- Work instruction: Although the data below holds other lines too, output only those from the line with "Соковыжималка KITFORT KT-1110-1, white/green, 150" up to and including the line with "- Szabás: Slim fit, body fit", exactly as they appear.

- Data extracts:
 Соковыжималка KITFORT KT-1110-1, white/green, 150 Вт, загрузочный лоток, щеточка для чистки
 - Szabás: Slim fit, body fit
...
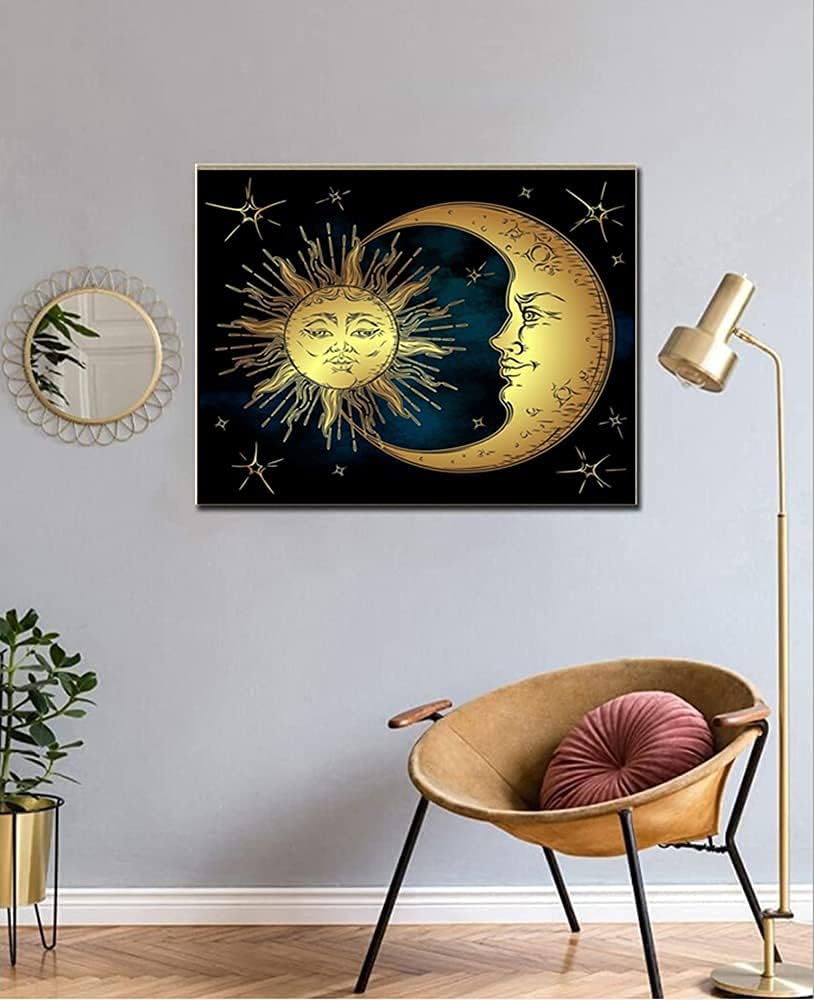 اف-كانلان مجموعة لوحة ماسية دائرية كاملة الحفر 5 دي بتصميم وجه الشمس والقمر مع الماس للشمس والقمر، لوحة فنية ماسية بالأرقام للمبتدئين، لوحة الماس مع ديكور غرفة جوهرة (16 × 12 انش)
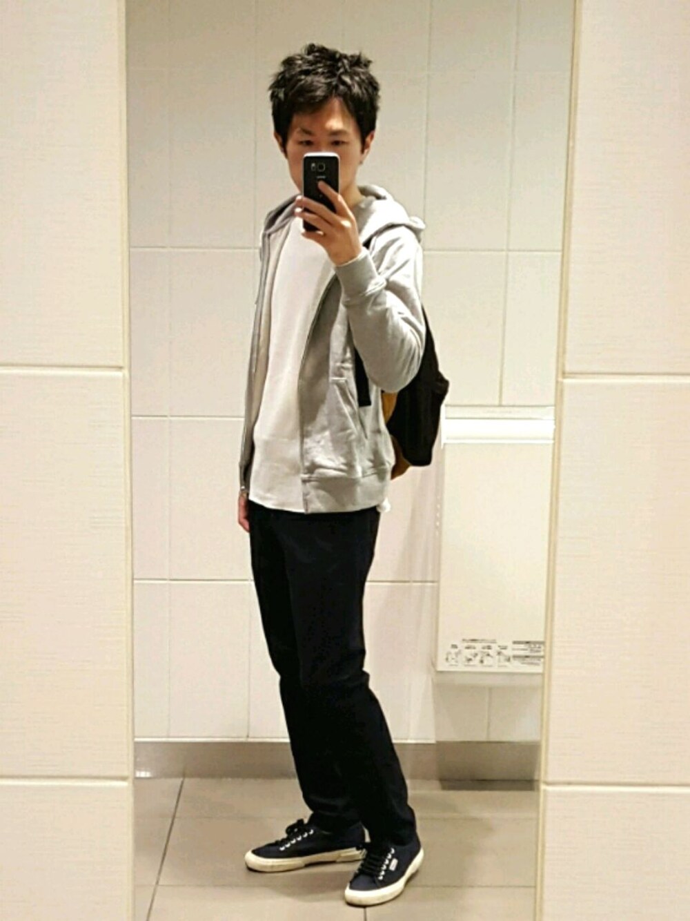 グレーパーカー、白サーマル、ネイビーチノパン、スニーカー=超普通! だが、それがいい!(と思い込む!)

- Solution:
 Соковыжималка KITFORT KT-1110-1, white/green, 150 Вт, загрузочный лоток, щеточка для чистки
 - Szabás: Slim fit, body fit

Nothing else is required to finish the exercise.